▶ WHAT IS NEEDED
Restate word for word the lines below that run from the one holding "قَالَ الشَّافِعِيُّ رَحِمَهُ" through the one holding "그런가 하면 이날 송정훈", inclusive. Pictures don't belong in the copy.

▶ EXERCISE MATERIALS
----

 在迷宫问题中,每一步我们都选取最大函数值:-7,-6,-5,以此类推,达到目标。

----

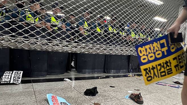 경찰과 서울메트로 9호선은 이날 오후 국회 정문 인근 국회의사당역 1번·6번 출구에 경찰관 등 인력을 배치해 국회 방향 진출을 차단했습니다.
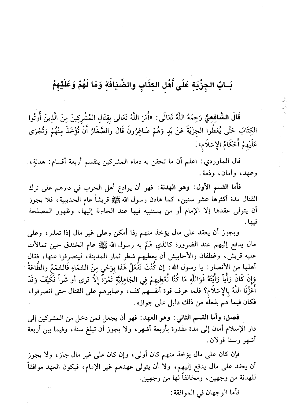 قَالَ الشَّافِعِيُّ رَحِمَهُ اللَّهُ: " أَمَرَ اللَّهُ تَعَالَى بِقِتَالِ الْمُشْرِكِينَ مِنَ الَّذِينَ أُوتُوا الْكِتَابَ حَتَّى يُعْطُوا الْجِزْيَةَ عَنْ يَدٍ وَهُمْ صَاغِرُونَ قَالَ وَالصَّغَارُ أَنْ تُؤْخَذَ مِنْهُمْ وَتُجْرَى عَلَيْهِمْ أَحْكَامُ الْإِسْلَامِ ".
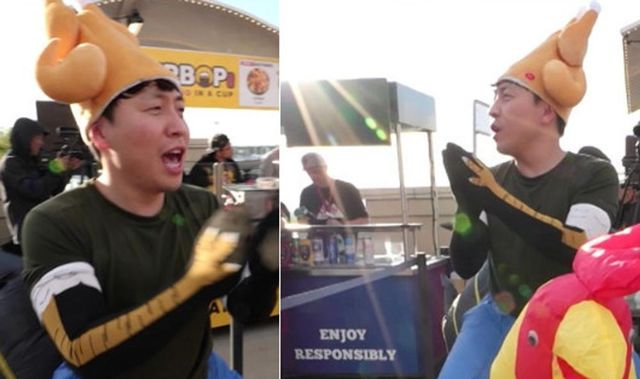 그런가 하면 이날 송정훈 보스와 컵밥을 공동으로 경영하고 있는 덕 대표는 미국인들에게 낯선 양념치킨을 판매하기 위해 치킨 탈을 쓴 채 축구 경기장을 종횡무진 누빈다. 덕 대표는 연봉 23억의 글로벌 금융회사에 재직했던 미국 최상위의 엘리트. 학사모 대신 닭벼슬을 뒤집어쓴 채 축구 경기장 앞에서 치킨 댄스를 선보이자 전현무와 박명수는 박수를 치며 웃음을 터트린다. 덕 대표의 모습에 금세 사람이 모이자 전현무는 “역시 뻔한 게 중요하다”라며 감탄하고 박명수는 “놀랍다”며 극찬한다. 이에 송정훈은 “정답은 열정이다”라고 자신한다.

----

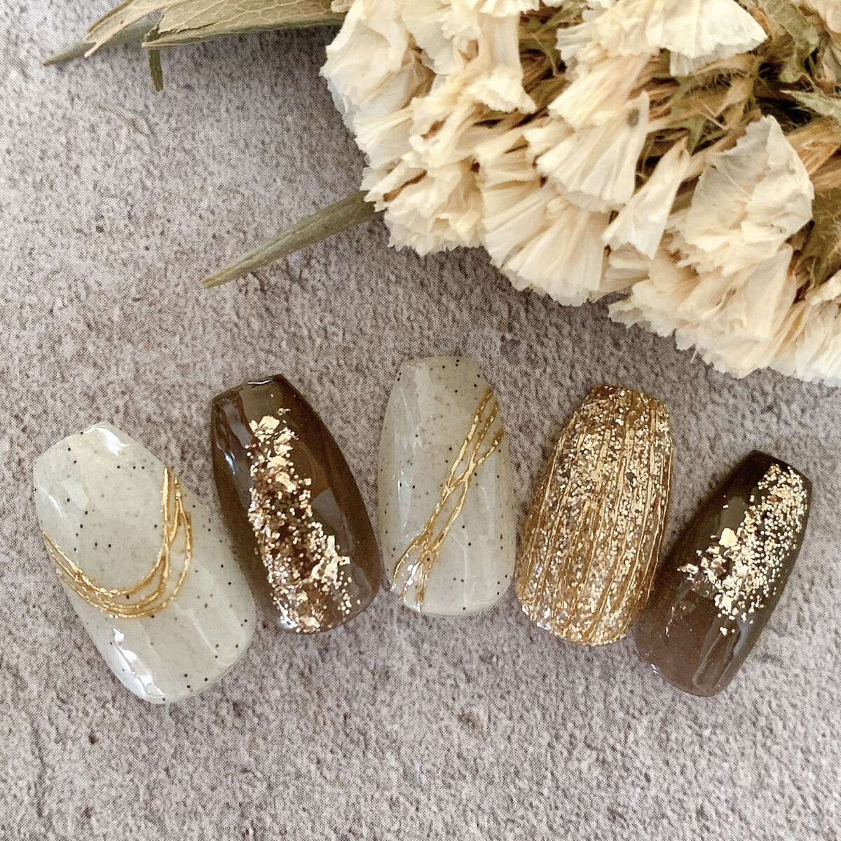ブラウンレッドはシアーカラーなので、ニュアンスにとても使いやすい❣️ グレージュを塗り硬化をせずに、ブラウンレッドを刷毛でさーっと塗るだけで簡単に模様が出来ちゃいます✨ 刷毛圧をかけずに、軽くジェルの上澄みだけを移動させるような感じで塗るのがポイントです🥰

----

▶ EXERCISE SOLUTION
 قَالَ الشَّافِعِيُّ رَحِمَهُ اللَّهُ: " أَمَرَ اللَّهُ تَعَالَى بِقِتَالِ الْمُشْرِكِينَ مِنَ الَّذِينَ أُوتُوا الْكِتَابَ حَتَّى يُعْطُوا الْجِزْيَةَ عَنْ يَدٍ وَهُمْ صَاغِرُونَ قَالَ وَالصَّغَارُ أَنْ تُؤْخَذَ مِنْهُمْ وَتُجْرَى عَلَيْهِمْ أَحْكَامُ الْإِسْلَامِ ".
 그런가 하면 이날 송정훈 보스와 컵밥을 공동으로 경영하고 있는 덕 대표는 미국인들에게 낯선 양념치킨을 판매하기 위해 치킨 탈을 쓴 채 축구 경기장을 종횡무진 누빈다. 덕 대표는 연봉 23억의 글로벌 금융회사에 재직했던 미국 최상위의 엘리트. 학사모 대신 닭벼슬을 뒤집어쓴 채 축구 경기장 앞에서 치킨 댄스를 선보이자 전현무와 박명수는 박수를 치며 웃음을 터트린다. 덕 대표의 모습에 금세 사람이 모이자 전현무는 “역시 뻔한 게 중요하다”라며 감탄하고 박명수는 “놀랍다”며 극찬한다. 이에 송정훈은 “정답은 열정이다”라고 자신한다.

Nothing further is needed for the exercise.